Und da soll sie auch bleiben, sagen die Mutter und die Tante. Die Türen sind zu und sie sollen es bleiben. Jacob Dammas aber fährt nach Breslau und spricht mit den Nachbarn auf der Suche nach der Kredenz. Und er stößt auf Vorurteile, Ablehnung, Ahnungslosigkeit, aber auch auf seltsam-freundliche Aufnahme mit Verbrüderung. Gleichzeitig zeigt er die Telefonate mit seiner Mutter, die sein Vorhaben immer noch nicht gutheißt. Der Film ist sein Abschlußfilm an der Andrzej Wajda Master School of Film Directing in Warschau. Vorher hat er an der Humboldt-Universität, in Toronto und Roskilde studiert. Sowas klingt immer ganz schön beeindruckend.

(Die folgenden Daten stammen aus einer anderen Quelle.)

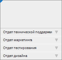. When the entire work or its part are entered, the list displays the elements, which names contain the searched character combination:
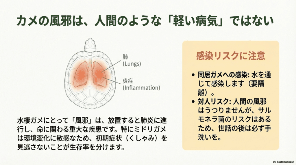 ここでは、亀の風邪の症状や原因、ほかの亀や人にうつる可能性について解説します。
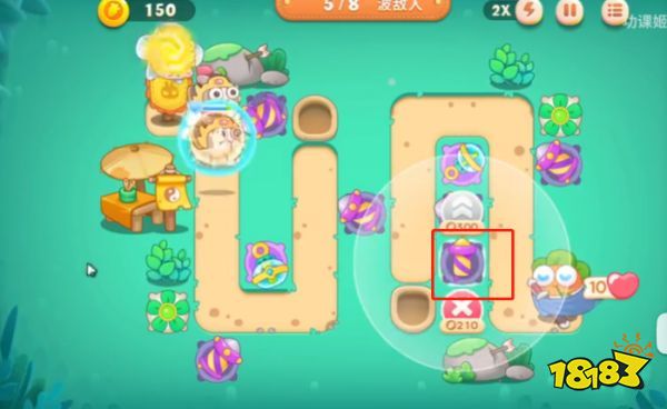 5、将左边下方的泡泡塔进行升级。

Das Unspektakuläre dieses Films hat mir eigentlich am besten gefallen. Durch die Telefonate, die Jacob aus Breslau mit seiner Mutter in Kopenhagen führt, und die er ohne ihr Wissen für den Film mitschneidet, verlagert sich das Gewicht des Films weg von der Rekontruktion vergangener Ereignisse und hin zur ganz gegenwärtigen Frage: Welche Rolle spielt das heute noch? Am Ende gibt die Mutter Jacob taktische Ratschläge, trotz ihrer anhaltenden Skepsis der Unternehmung gegenüber . Und Jacob entscheidet sich, nicht weiter zu suchen, obwohl ihn vielleicht nur wenige Meter von der gesuchten Kredens trennen. Und somit scheinen beide ein Stück weiter, im gegenseitigen Verständnis ein Stück näher gekommen zu sein.